Reuters/TransCanada Corporation/Newscom

Reuters/TransCanada Corporation/Newscom

Last week, the House of Representatives passed the Northern Route Approval Act, introduced by Representative Lee Terry (R–NE), which would authorize the construction of Keystone XL Pipeline.

It has been five years since TransCanada announced the Keystone XL expansion project, but we’re still without a pipeline and the jobs and the energy that come with it because no presidential permit for construction has been authorized. Even more infuriating is the fact that the U.S. has already granted one of those permits for the Keystone Pipeline System.

The Keystone XL Pipeline is just a portion of the larger Keystone Pipeline System. You can view a map of the entire system here. Any pipeline that crosses over the U.S.–Canadian border requires a review by the Department of State (DOS) and a presidential permit. Unbeknownst to many is the fact that the U.S. has already granted one of those presidential permits for the Keystone Pipeline System.

Phase I of the system begins at Hardisty, Alberta, and transports crude oil to Wood River and Patoka, Illinois. The pipeline, in operation today, runs through North Dakota, South Dakota, Nebraska, Kansas, Missouri, and Illinois. These are the same states the northern route of the Keystone XL Pipeline would travel through (in addition to Montana).

For phase I of the Keystone Pipeline System, TransCanada filed an application with the DOS in April 2006, and the DOS began an environmental review in September 2006. TransCanada received its presidential permit for phase I in March 2008. From beginning to end, the process took 23 months.

Despite two environmental reviews from the DOS concluding that Keystone XL (phase 4 of the Keystone Pipeline System) was as environmentally safe, we are in the fifth year of the project’s review. Not only is this unnecessary delay preventing job creation and increased energy supply; it’s also setting a dangerous precedent that may cause foreign companies to avoid conducting business with the U.S. in an election year.
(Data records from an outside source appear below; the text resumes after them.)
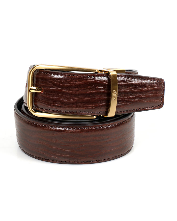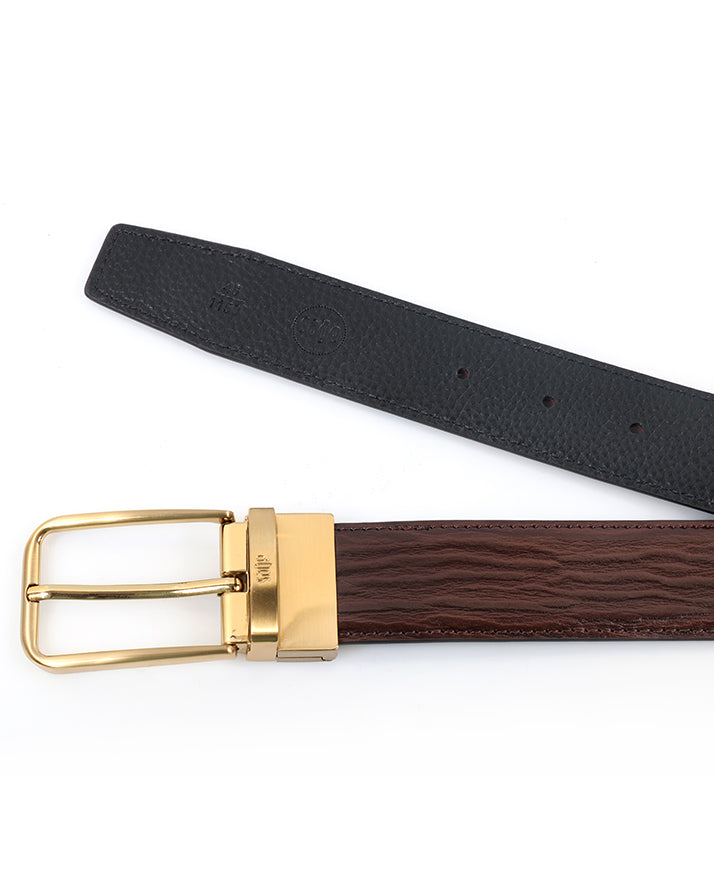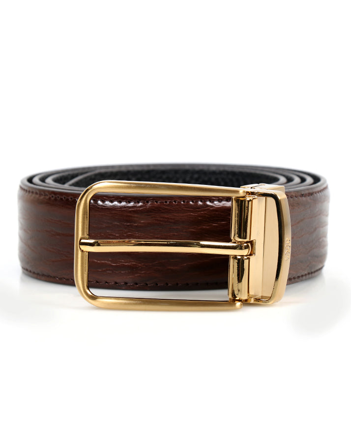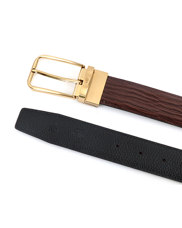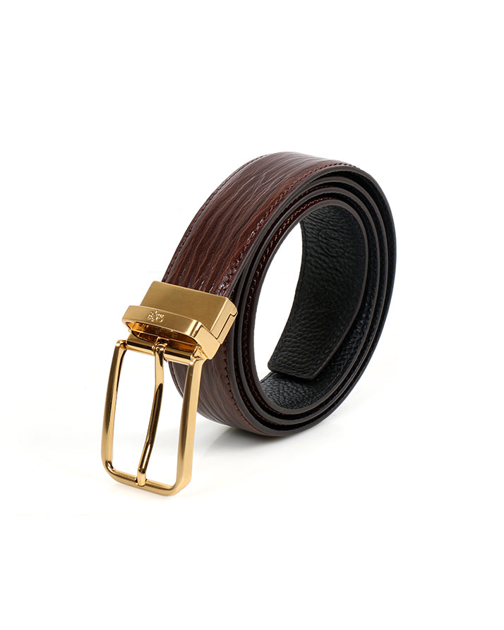 Printed-style double-sided leather belt in brown and black. Built with a strong buckle and adjustable for daily comfort. A versatile accessory to complement both formal and casual attire.
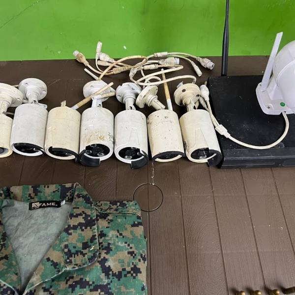 Además, en la vivienda hallaron nueve cámaras de video, municiones de diferente calibre, una luz de baliza y uniformes militares.
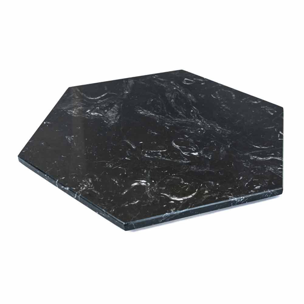 Farfurie de servire cu design hexagonal din Marquinia neagră sau marmură verde Guatemala cu dop, 2 bucăți fabricate în Italia.
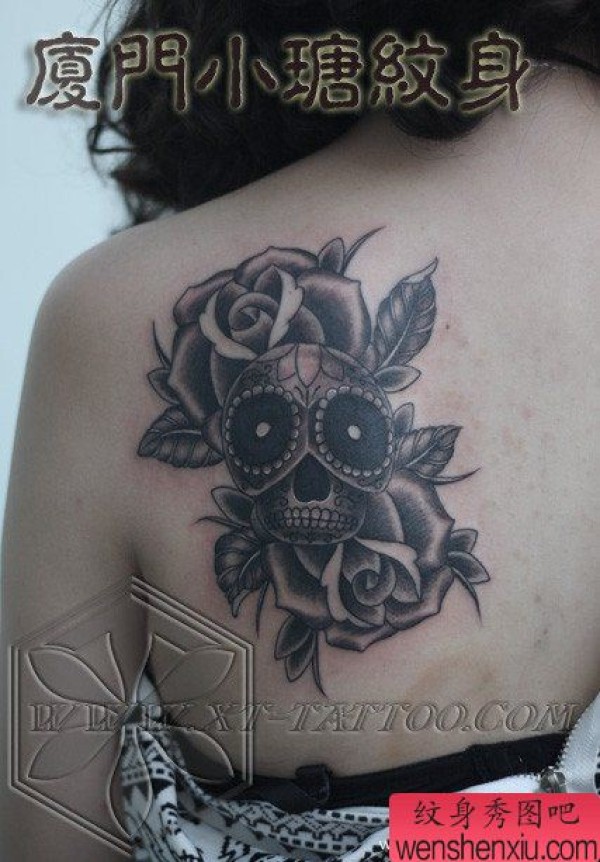 女生肩背唯美的黑白骷髅与玫瑰花纹身图案
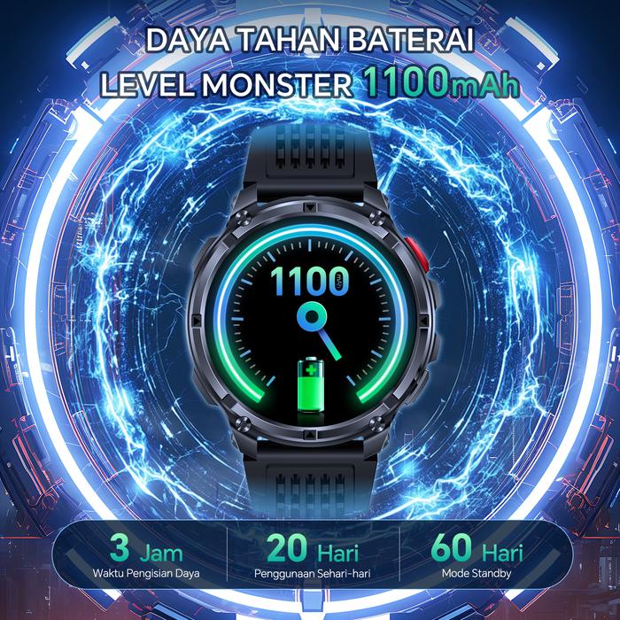 Jam Tangan Daya Tahan Super 1100mAh MorienWear Rock2 baru diluncurkan: Layar 1,7 inci (360x360),

A top executive for TransCanada, Alex Pourbaix, recently indicated that the onerous delay is not about safety but “trying to stop the development of the oilsands by choking off the pipeline projects and I think we all have to remember that.… As we go forward on new projects we’re obviously going to take that into account.”
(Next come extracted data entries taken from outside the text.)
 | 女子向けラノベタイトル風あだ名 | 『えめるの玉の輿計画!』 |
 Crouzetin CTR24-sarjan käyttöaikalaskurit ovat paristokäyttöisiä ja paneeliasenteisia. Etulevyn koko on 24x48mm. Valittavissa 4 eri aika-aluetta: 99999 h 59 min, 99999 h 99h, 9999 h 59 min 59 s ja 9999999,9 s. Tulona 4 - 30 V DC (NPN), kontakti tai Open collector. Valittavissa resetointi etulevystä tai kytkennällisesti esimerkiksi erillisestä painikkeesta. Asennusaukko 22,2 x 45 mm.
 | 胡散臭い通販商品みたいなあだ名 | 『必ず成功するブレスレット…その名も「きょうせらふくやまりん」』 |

In other words, if the U.S. doesn’t want Canada’s oil and the jobs and economic growth that come with it, they’ll take their business elsewhere.

Allowing access to easy energy imports from Canada is a no-brainer and, with respect to Canadian oil, has been done before within the same pipeline system. This is why Heritage has said from the beginning that Congress should go around the presidential permit and give the project the green light.